Мисс была ужасно бледна и держала в зубах ломтик лимона. Мистер, лежавший на

спине, в широком пальто и большом картузе, не разжимал челюстей всю  дорогу;

лицо его стало темным,  усы  белыми,  голова  тяжко  болела:  последние  дни

благодаря дурной погоде он пил по вечерам  слишком  много  и  слишком  много

любовался "живыми картинами" в некоторых притонах. А дождь сек в дребезжащие

стекла, на диваны с них текло, ветер с воем ломил в мачты и порою, вместе  с

налетавшей волной, клал пароходик совсем набок, и тогда с грохотом  катилось

что-то внизу. На остановках, в Кастелламаре, в Сорренто, было немного легче;

но и тут размахивало  страшно,  берег  со  всеми  своими  обрывами,  садами,

пиниями, розовыми и белыми отелями и дымными, курчаво-зелеными горами  летел

за  окном  вниз  и  вверх,  как  на  качелях;  в  стены   стукались   лодки,

третьеклассники азартно орали, где-то, точно  раздавленный,  давился  криком

ребенок, сырой ветер дул в двери, и, ни на минуту не  смолкая,  пронзительно

вопил с качавшейся барки под флагом гостиницы  "Royal"  картавый  мальчишка,

заманивавший путешественников: "Kgoya-al! Hotel Kgoya-аl!.." И  господин  из

Сан-Франциско, чувствуя себя так, как и подобало ему, - совсем  стариком,  -

уже с тоской и злобой думал обо всех этих "Royal", "Splendid", "Excelsior" и

об этих жадных, воняющих чесноком людишках, называемых итальянцами;  раз  во

время остановки, открыв глаза  и  приподнявшись  с  дивана,  он  увидел  под

скалистым отвесом  кучу  таких  жалких,  насквозь  проплесневевших  каменных

домишек, налепленных друг на друга у самой воды, возле лодок, возле каких-то

тряпок, жестянок и коричневых сетей, что, вспомнив, что это и есть подлинная

Италия, которой он приехал наслаждаться, почувствовал  отчаяние...  Наконец,

уже в сумерках, стал  надвигаться  своей  чернотой  остров,  точно  насквозь

просверленный у подножия  красными  огоньками,  ветер  стал  мягче,  теплей,

благовонней,  по  смиряющимся  волнам,  переливавшимся,  как  черное  масло,

потекли золотые удавы от  фонарей  пристани...  Потом  вдруг  загремел  и  с

плеском шлепнулся в воду якорь, наперебой понеслись отовсюду яростные  крики

лодочников - и сразу стало на  душе  легче,  ярче  засияла  кают-  компания,

захотелось есть, пить, курить, двигаться...  Через  десять  минут  семья  из

Сан-Франциско сошла в большую  барку,  через  пятнадцать  ступила  на  камни

набережной, а затем села в светлый вагончик и с жужжанием  потянулась  вверх

по откосу, среди кольев на виноградниках, полуразвалившихся каменных оград и

мокрых,  корявых,  прикрытых  кое-где  соломенными   навесами   апельсиновых

деревьев,  с  блеском  оранжевых  плодов  и   толстой   глянцевитой   листвы

скользивших вниз, под гору, мимо открытых окон вагончика... Сладко пахнет  в

Италии земля после дождя, и свой, особый запах есть у каждого ее острова!

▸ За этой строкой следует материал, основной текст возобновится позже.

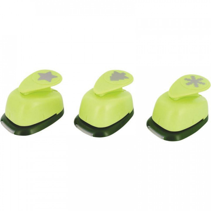 Boite de 3 perforateurs déco Noêl assortis. Fabriquez vos gommettes, vos confettis. Décorez vos cartes de voeux, vos enveloppes. Donnez vie à vos papiers. Dimension d'un motif : 25 mm

     Остров Капри был сыр и темен в этот вечер. Но тут он  на  минуту  ожил,

кое-где осветился. На верху горы, на площадке фуникулера, уже  опять  стояла

толпа тех, на обязанности  которых  лежало  достойно  принять  господина  из

Сан-Франциско. Были и другие  приезжие,  но  не  заслуживающие  внимания,  -

несколько русских, поселившихся на Капри, неряшливых и рассеянных, в  очках,

с  бородами,  с  поднятыми  воротниками  стареньких  пальтишек,  и  компания

длинноногих,  круглоголовых  немецких  юношей  в  тирольских  костюмах  и  с

холщовыми сумками за плечами,  не  нуждающихся  ни  в  чьих  услугах,  всюду

чувствующих себя как дома и совсем  не  щедрых  на  траты.  Господин  же  из

Сан-Франциско, спокойно сторонившийся и  от  тех  и  от  других,  был  сразу

замечен. Ему и его дамам торопливо помогли выйти, перед ним побежали вперед,

указывая дорогу, его снова окружили мальчишки и те  дюжие  каприйские  бабы,

что носят на головах чемоданы и сундуки порядочных  туристов.  Застучали  по

маленькой, точно оперной площади, над  которой  качался  от  влажного  ветра

электрический шар, их деревянные ножные скамеечки, по-птичьему засвистала  и

закувыркалась через голову орава мальчишек - и как по сцене пошел среди  них

господин из Сан-Франциско к какой-то средневековой арке под слитыми  в  одно

домами, за которой покато вела к сияющему  впереди  подъезду  отеля  звонкая

уличка с вихром пальмы над плоскими крышами  налево  и  синими  звездами  на

черном небе вверху, впереди. И опять было похоже, что это в честь гостей  из

Сан-Франциско  ожил  каменный  сырой  городок  на   скалистом   островке   в

Средиземном море, что это они сделали таким счастливым  и  радушным  хозяина

отеля, что только их ждал китайский гонг, завывший по  всем  этажам  сбор  к

обеду, едва вступили они в вестибюль.

     Вежливо и изысканно поклонившийся хозяин,  отменно  элегантный  молодой

человек, встретивший их, на мгновение поразил  господина  из  Сан-Франциско:

взглянув на него, господин из Сан-Франциско вдруг вспомнил, что нынче ночью,

среди прочей  путаницы,  осаждавшей  его  во  сне,  он  видел  именно  этого

джентльмена, точь-в-точь такого же, как этот, в той же  визитке  с  круглыми

полами и с той же зеркально причесанной головою.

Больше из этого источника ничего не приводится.